Police operations at the initial reception centre Ellwangen and in Berlin
The police repeatedly storm refugee accommodation without a search warrant in order to deport people. The Federal Constitutional Court has declared this practice to be unconstitutional.
DEPORTATION FROM THE BEDROOM CONSTITUTES A HOUSE SEARCH
If the police enter a bedroom in a refugee shelter to deport a resident, this constitutes a search and requires a court order. In its ruling of September 30 (published on November 20, 2025), the Federal Constitutional Court confirmed that, in order for it to be classified as a search, it is crucial that the police enter the apartment with the purpose of locating and taking a person away. As long as they do not know for certain beforehand that the person is in the room and where they are, it constitutes a search. The police must first obtain a court order in accordance with Article 13(2) of the Basic Law (GG).
The Federal Constitutional Court confirms: It is irrelevant whether the person to be apprehended is visible at a glance or is in an area separated by a screen. If, as the Federal Administrative Court did previously, one focuses on the situation the police find in the room and whether the person is hiding there, this undermines the preventive protection of the requirement for a court order. This would lead to difficulties in drawing boundaries and to random results. The Federal Constitutional Court thus makes it clear that the protection of fundamental rights does not depend on coincidences such as the size and layout of an apartment.

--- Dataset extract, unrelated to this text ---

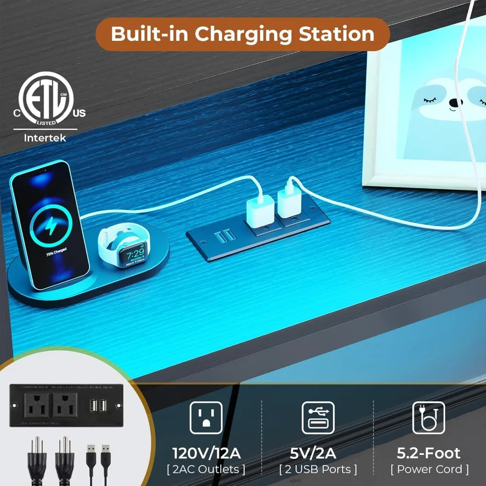 Full Corner Bed Frame with LED Lights, Storage Drawers & Charging Station - No Box Spring Needed.

WITH A RAM INTO THE BEDROOM
In February 2025, together with lawyer Christoph Tometten, we filed a constitutional complaint against a room search in Berlin for the purpose of deportation. In 2019, the police had broken into the complainant's room in a temporary shelter in Berlin with a ram in the morning. They did not have a court order when they entered the room to apprehend and deport him. The police based their actions on the provision introduced in 2019 in Section 58 (5) of the Residence Act (AufenthG), which stipulates that it is merely a case of “entering” if the authorities enter an apartment to apprehend a person for the purpose of deportation and there is evidence that the person is in the apartment. This legitimized and consolidated the practice of conducting room searches without a search warrant, which is contrary to fundamental rights throughout Germany.
The Higher Administrative Court of Berlin-Brandenburg upheld the police practice and ruled that it constituted "entering" within the meaning of Section 58(5) of the Residence Act. The Federal Administrative Court did not allow an appeal. In a ruling dated September 30, the Federal Constitutional Court overturned the decision of the Higher Administrative Court of Berlin-Brandenburg and referred the case back to the court for a new decision. The Federal Constitutional Court clarified that forcibly breaking into an apartment with a battering ram to apprehend a person constitutes not merely entering, but a search. Article 13(2) of the Basic Law hence requires a court order.
§ 58 (5) RESIDENCE ACT NO LONGER APPLICABLE
With the provision introduced in 2019 in Section 58 (5) of the Residence Act, the federal government at the time attempted to undermine the fundamental rights requirements for the protection of the home. The provision stipulates that the police may enter rooms to deport a person if there are facts to suggest that the person is currently in the home. A search warrant is hence not necessary. The Federal Constitutional Court has now clarified that a search warrant is required as long as the police do not have reliable knowledge before the start of the measure that the person is actually in the room and where they are located. This leaves § 58 (5) AufenthG with virtually no scope of application.
INITIAL RECEPTION CENTRE ELLWANGEN
On June 15, 2023, the Federal Administrative Court ruled on our lawsuit against a deportation from the initial reception centre Ellwangen in 2018. The court did not consider the police entering the room for the purpose of deportation to be a search. The reasoning: since the police could see at a glance that the plaintiff was not in the room and no search was necessary, it did not constitute a search. Our constitutional complaint was not accepted in Karlsruhe for formal reasons.
Nevertheless, the decision of the Federal Administrative Court is now obsolete: In our second constitutional complaint in the Berlin proceedings, the Federal Constitutional Court clarified in its decision published in November 2025 that a search is generally deemed to have taken place if the person concerned is visited in their room in shared accommodation for the purpose of deportation. Special search measures are not necessary. This would lead to random results and undermine the preventive purpose of the requirement of prior judicial authorization.
Landmark judgment against the unlawful deportation practice
The inviolability of the home is one of the fundamental rights enshrined in the constitution. The Federal Constitutional Court has clarified that a room in accommodation is subject to special protection under fundamental rights as it is the only and fundamental place of retreat. If the police want to enter it in order to deport a refugee, they need a search warrant. This is not a mere formality, but a preventive measure. The court must examine whether a search is necessary at all to deport the person or whether there are less severe measures. It must also examine whether there are concrete indications that deportation would fail without a room search.